Re: New member ... help please

Postby bottlecap » Sat Aug 25, 2012 9:08 am

Welcome. To help, we need to know a more complete financial picture and will need to know about your plans and goals.

Vanguard does typically have lower expense ratios for Target Retirement funds. Wellsley may or may not be appropriate for you, depending on your goals.

You found the right site. Let us know more. There are suggested posting guidelines, although I don't have the link. (oops, see post above).

JT
User avatar
bottlecap
 
Posts: 3219
Joined: Wed Mar 07, 2007 12:21 am
Location: Tennessee

Re: New member ... help please

Postby Madeline » Sat Aug 25, 2012 9:37 am

Debt none no mortgage
Married
don't know anything about our tax rate
husband 61 wife 59
desired asset allocation totally unknown ... new investor since age 50
Currently have $45000 ... $15,000 stock (fairholme and Contrafund) the balance all in bond funds Fidelity total bond
$75,000 cash in a money market earning nothing ...that I don't know what to do with and afraid to lose
$45,000 in tax advantaged IRA $75,000 in non tax advantaged
I feel I am able to save $20,000 a year now with our household expenses currently
I am planning on continuing to work my husband is no longer working due to job elimination
Madeline
 
Posts: 2
Joined: Sat Aug 25, 2012 8:22 am

Re: New member ... help please

Postby LadyGeek » Sat Aug 25, 2012 9:46 am

Welcome! Take your time and do some reading, our wiki is a good place to start: Getting Started (Be sure to watch the videos)
To some, the glass is half full. To others, the glass is half empty. To an engineer, it's twice the size it needs to be.
User avatar
LadyGeek
Site Admin
 
Posts: 17703
Joined: Sat Dec 20, 2008 6:34 pm
Location: Philadelphia

Re: New member ... help please

Postby Johm221122 » Sat Aug 25, 2012 9:48 am

Johm221122
 
Posts: 4595
Joined: Fri May 13, 2011 7:27 pm

Re: New member ... help please

Postby The Wizard » Sat Aug 25, 2012 9:58 am

If the OP does not HAVE an existing portfolio, just a lump sum going in, the standard format really isn't needed.
The Target Funds are good for folks who don't care to babysit their investments too often. Lots of folks here on the forum like to stay on top of things on a weekly if not daily basis, a hobby of sorts, so we might not use Target Funds ourselves.

You need to look at what you have for tax-sheltered options also.

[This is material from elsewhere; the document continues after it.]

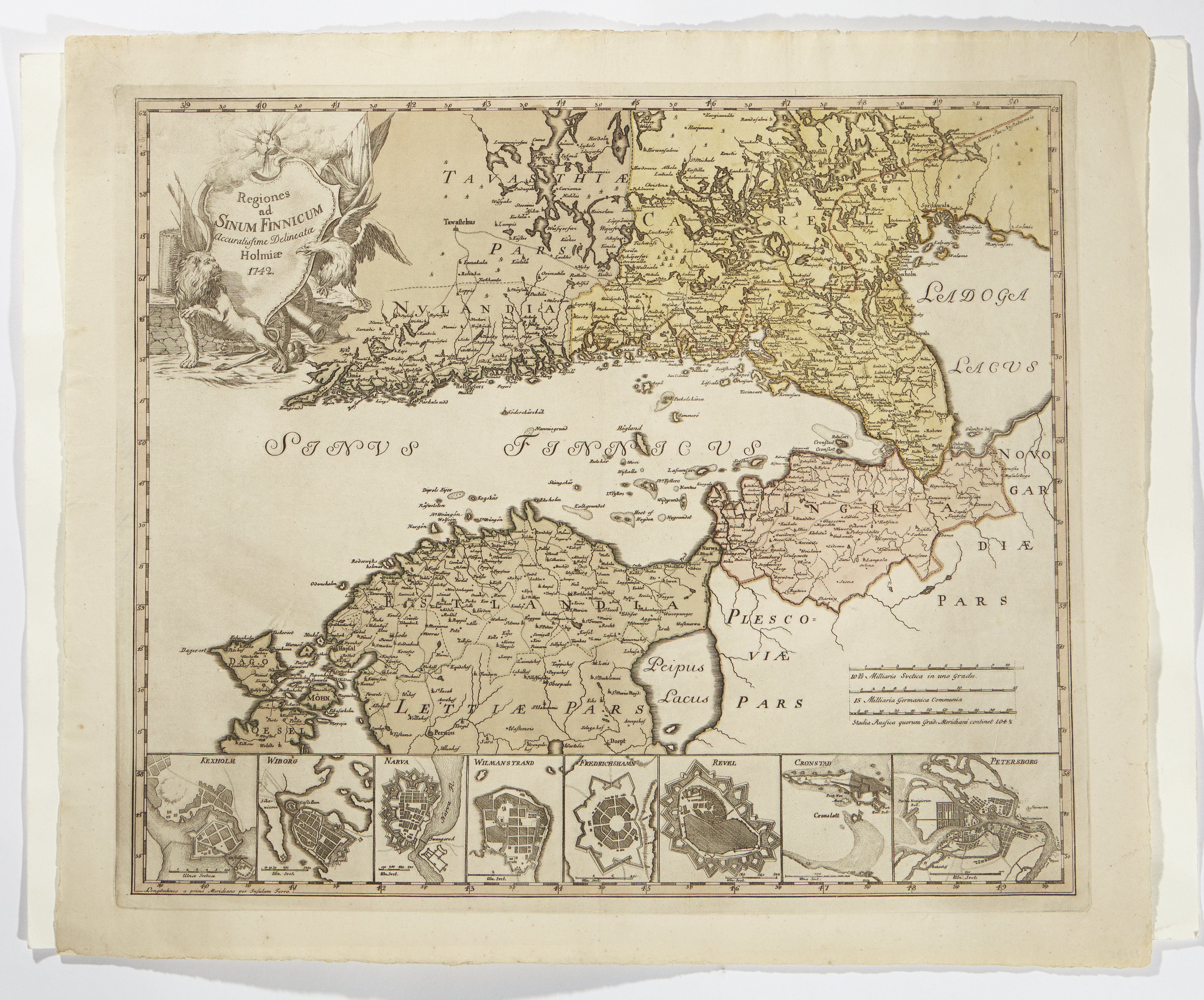 Karta över Finska viken med södra Finland, Estland samt Ingermanland och Ladoga, från 1742.

You can put 2x$6K per year in your Roth IRA, so have you been doing that?
And what does your employer offer?
The Wizard
 
Posts: 5972
Joined: Tue Mar 23, 2010 2:45 pm
Location: Reading, MA

Re: New member ... help please

Postby Johm221122 » Sat Aug 25, 2012 10:04 am

A target date fund would be great but you have too much in taxable, after you find your AA try this
http://www.bogleheads.org/wiki/Three-fund_portfolio
Put as much bonds in Ira as you can(total bond market)
Any bonds in taxable maybe I bonds or municipal bond fund
WE really need tax rate and for you to post more clearer using posting link from my other post
Also we need to know employers options as mentioned
Johm221122
 
Posts: 4595
Joined: Fri May 13, 2011 7:27 pm

Re: New member ... help please

Postby Muchtolearn » Sat Aug 25, 2012 10:32 am

Madeline, I am glad you came here for help. As another poster indicated, your situation is relatvely simple as you are more or less not invested now. You also are not super knowledgable about this type of thing and really may not need to be. You have relatively small savings and I don't know how secure your job is or how heatlhy you and the husband are. I do know that your intentions are good and you plan to keep working. Others will talk to you about tax rates and tax efficient investing. I doubt your tax rate is super high based on your savings and one income. For you, I think a Target retirement fund or even better, the Life Strategy Conservative growth fund, could be a single fund for all your needs whether it is in taxable or tax deferred accounts. Just stick it in, add to it when you can and be done with it. Then enjoy life.
Muchtolearn
 
Posts: 1563
Joined: Sun Dec 25, 2011 11:41 am

Re: New member ... help please

Postby retiredjg » Sat Aug 25, 2012 11:20 am

Welcome to the forum!

Madeline wrote:don't know anything about our tax rate

This is a number you need to know. Compare your taxable income (line 43 on your Form 1040) to this chart. Be sure to pick the correct filing status.


desired asset allocation totally unknown ... new investor since age 50

You will have to be the one to make this decision although people here can help. In addition to the Getting Started link already posted, spend some time with this link. Investment Planning.

It is hard to figure out what you have in what kind of accounts. Is this what you have?

Taxable
$75k money market

Ira
$15k Fairholme and Contrafund
$30k Fidelity total Bond
retiredjg
 
Posts: 17130
Joined: Thu Jan 10, 2008 1:56 pm

Re: New member ... help please

Postby PaddyMac » Sat Aug 25, 2012 11:51 am

Madeline: You mention that your husband is retired due to job elimination. He's relatively young at 60 though. Is it possible for him to find even part-time work to help with expenses? That way you could save a little more between now and your retirement.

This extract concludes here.